Willow Ross: 28 January – 6 February, 2024
Willow Ross is a geographer and activist. Ross used her residency at Plumwood Mountain to transform her Master’s thesis, on the more-than-human communities of dumpster diving, into a journal article for Australian Geographer.
Plumwood As Technology
Last month, I visited Plumwood Mountain on Walbunja Country, part of the Yuin Nation. Nestled in a clearing on the mountainous escarpment between Braidwood and Bateman’s Bay, Plumwood House is a small, UFO-shaped octagonal structure, once home to local eco-feminist and philosopher Val Plumwood. The place feels like it has leapt out of the pages of one of the Ursula Le Guin or Samuel R. Delany stories in its library — one about off-planet communes, twelve-person procreation groups, and ecologariums. Yet despite its extra-terrestrial appearance (and large collection of feminist SF) Plumwood is not hugely futuristic.
Once there, I spent my week learning the fairly rustic technologies of the home: composting toilet, solar-powered LEDs, and the elaborate ritual needed to start the generator-operated and delightfully hot shower in the shattered greenhouse. Because of my enthusiasm for the house, I was also given the opportunity by my hosts to use a specific technology (social media) to share my experience at Plumwood (basically: a takeover of the Instagram account). I shared posts about Val’s garden, the library, various activist souvenirs and paraphernalia around the house, and the nearby creek. It was in the process of doing this that I realised that I was coming to view Plumwood as more than a house: instead, it was becoming a technology.
Plumwood is a technology for land back. On my first night the caretakers, Ruby and Clancy, told me about the land handback agreement currently being negotiated between the Plumwood Committee and the Walbunja, who never ceded the land that Plumwood Mountain is part of. On my last night, we sat down together to watch a final cut of the documentary Clancy had made in collaboration with the Batemans Bay LALC Walbunja Rangers, detailing the effectiveness of cultural burning and need for good fire to be returned to Walbunja land after the destruction of the recent fires. Val’s house was also one of the first voluntary conservation agreements to be set up, marking the area as a sanctuary for the rare local species and remnant Gondwanan rainforest that calls the cool, wet mountain ridge home.
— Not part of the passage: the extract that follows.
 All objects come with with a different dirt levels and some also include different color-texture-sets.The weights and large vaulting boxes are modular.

It is partially for this reason that the Rangers can count gliders in the area, and that some of the ancient Plumwood trees near the house were able to survive the raging fires of 2020.
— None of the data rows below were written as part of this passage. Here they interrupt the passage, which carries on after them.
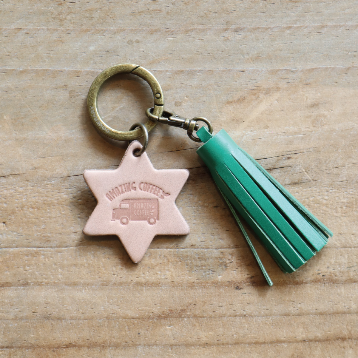 六芒星型のレザーチャームに各店限定カラーのタッセルが付いています!
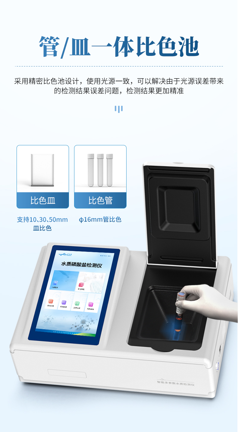 5、支持10mm、30mm、50mm皿比色和φ16mm管比色等比色方式,多元選擇,確保測量的準確性;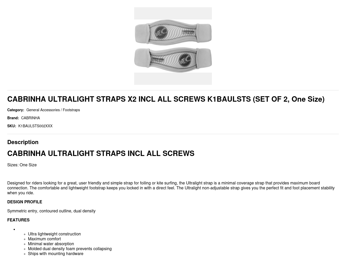 CABRINHA ULTRALIGHT STRAPS X2 INCL ALL SCREWS K1BAULSTS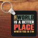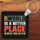 The key chain is made of metal and really sturdy. The flower design is really cheerful. The logo and colors are clear and crisp!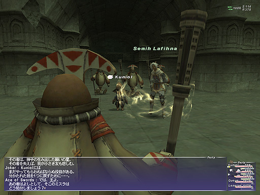 絶体絶命のピンチ!と、その時、カーディアン達の王として迎えられたジョーカーが現れます。そして、ジョーカーの命令通り、Kuniolとセミ・ラフィーナは解放され、セミ・ラフィーナから指輪も貰うことができました。ジョーカーが何故、カーディアンの王なのか、何故このような命令をしたのか、その答えもミッションを進めれば解ることでしょうっ。 |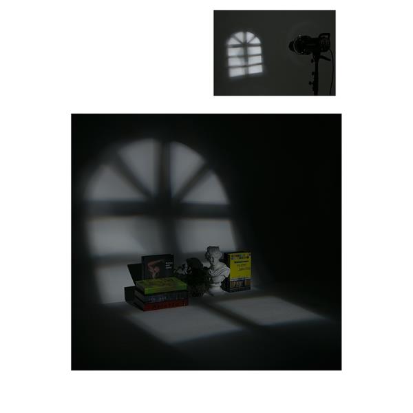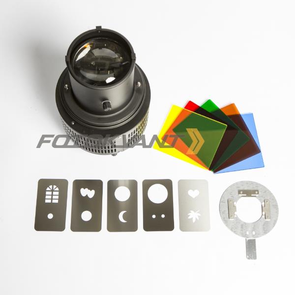 Fotokvant RO-02 - оптический рефлектор для создания световых эффектов. Представляет из себя оптическое приспособление, набор трафаретов и цветных фильтров (масок Гобо) (толщиной примерно 1,5 мм) для создания светотеневых эффектов в художественной фотографии. Байонет - Bowens. |

As a result, Plumwood is a technology for community. You can’t stay at Plumwood house and not think about community; the oddly-shaped building with its roomy kitchen and radius of pathways leading to other cabins and outhouses feels like a blueprint for living as part of a large, unwieldy family. This, despite the fact that the house was mostly built and inhabited by Val and her partner. And this community is not just human. On my second day, I was treated to the first lyrebird song I’d heard in person. Later that night I discovered the antechinus family living in the roof of my accommodation. Messaging a friend who stayed at Plumwood the year before, I learned she’d felt the same — and was prompted to draw a map of her ideal commune based on the house’s octagonal structure. I did the same.
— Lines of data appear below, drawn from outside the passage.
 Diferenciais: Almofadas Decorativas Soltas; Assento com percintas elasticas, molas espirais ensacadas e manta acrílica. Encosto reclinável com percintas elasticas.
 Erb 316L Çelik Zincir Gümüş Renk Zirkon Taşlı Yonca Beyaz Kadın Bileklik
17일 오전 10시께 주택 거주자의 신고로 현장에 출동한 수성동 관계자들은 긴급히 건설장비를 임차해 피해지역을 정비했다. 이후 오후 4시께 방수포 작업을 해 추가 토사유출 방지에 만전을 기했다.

Plumwood is also a technology for teaching. The house was reportedly (there are many contradictory histories) built partially by Val’s students, who would come up for day visits and help to quarry stone used for the walls of the main building. The library, with its hundreds of works of eco-feminism and philosophy, feels like a leaving, breathing remnant of Val and all she thought—as well as disagreed with. Ruby and Clancy worked remotely. I wrote my article on dumpster diving, borrowing from Val’s concept of forgotten and mistreated shadow places. We learned together, often talking over dinner about what we’d read that day, what we thought about or disagreed with, or some odd find from the shelves.
Plumwood might also be a technology for return. I’m itching to go back – dreaming of a visit to the mountain shrouded in mist. I hope that wish comes true. I also hope that the technology of Plumwood continues to be built upon, to work and to malfunction. Who knows, maybe one day some of us will look back and see that Plumwood was a future – ecologariums and all.